## TASK INSTRUCTIONS
Beginning with the line that includes "在【店长】→【打印机连接】,进入到打印机", return every remaining line of the material exactly as it reads, but not the pictures.

## PROVIDED DATA
───

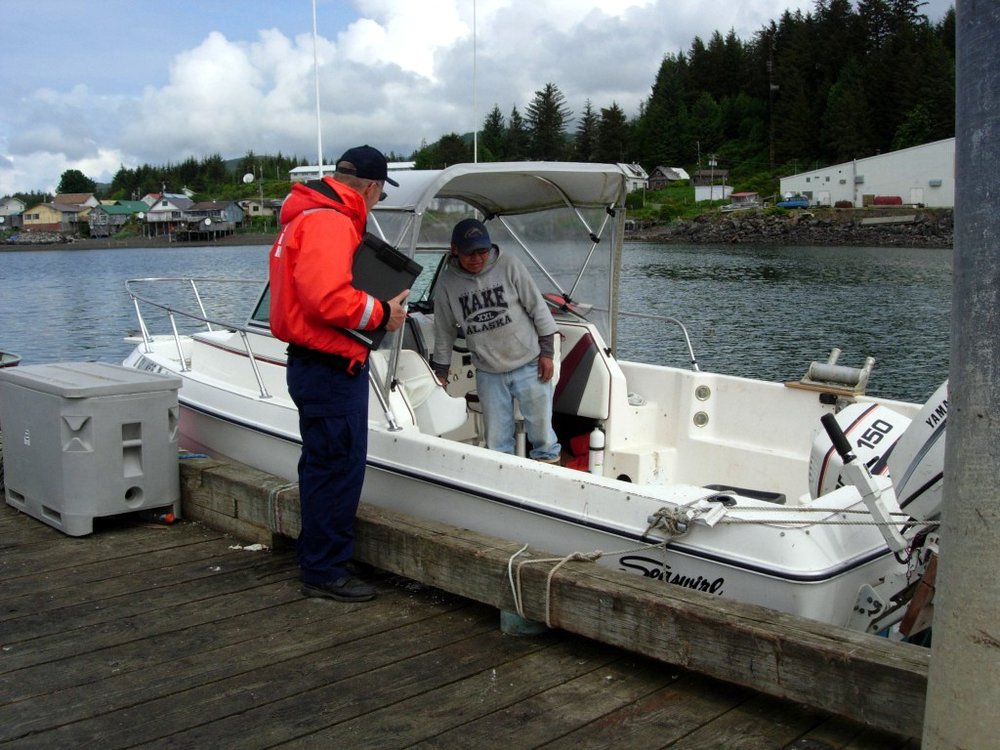 Coast Guard Auxiliary member Rick Rogers conducts a vessel safety exam at the pier in Kake, Alaska, in 2011. The Coast Guard Auxiliary is made up of approximately 34,000 volunteers. (USCG photo/Kate Rogers)
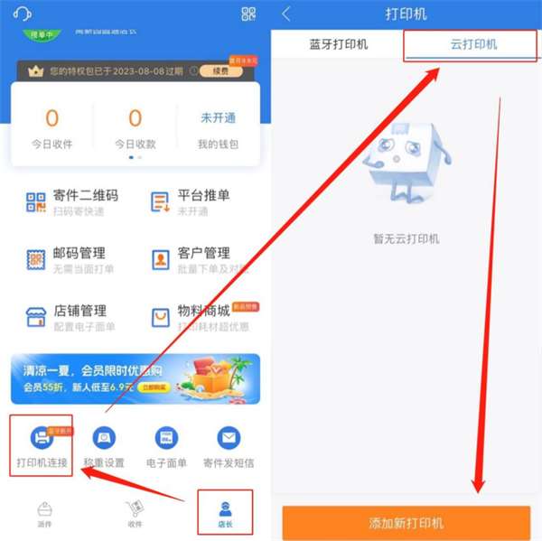 在【店长】→【打印机连接】,进入到打印机的配置页面,需要留意看连接的是蓝牙打印机还是云打印机类型,再切换到相应的页面点击下方“添加打印机”按钮配置。以下示例以添加菜鸟云打印为例:
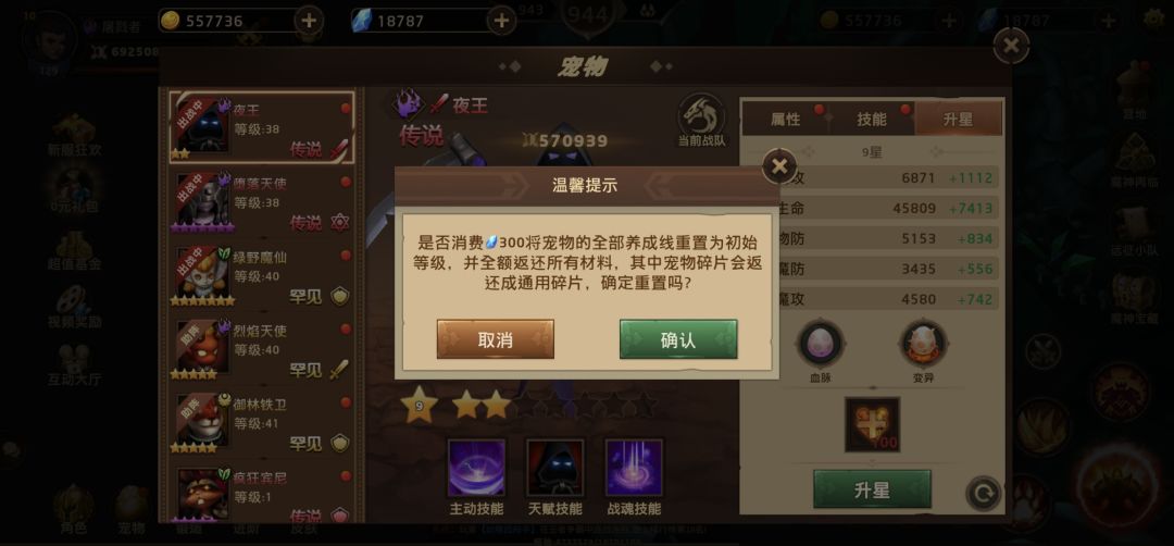 前期培养错了,也不用担心,这里可以重置宠物所有升级材料,只需要300钻石即可。

───

## YOUR RESPONSE
 在【店长】→【打印机连接】,进入到打印机的配置页面,需要留意看连接的是蓝牙打印机还是云打印机类型,再切换到相应的页面点击下方“添加打印机”按钮配置。以下示例以添加菜鸟云打印为例:
 前期培养错了,也不用担心,这里可以重置宠物所有升级材料,只需要300钻石即可。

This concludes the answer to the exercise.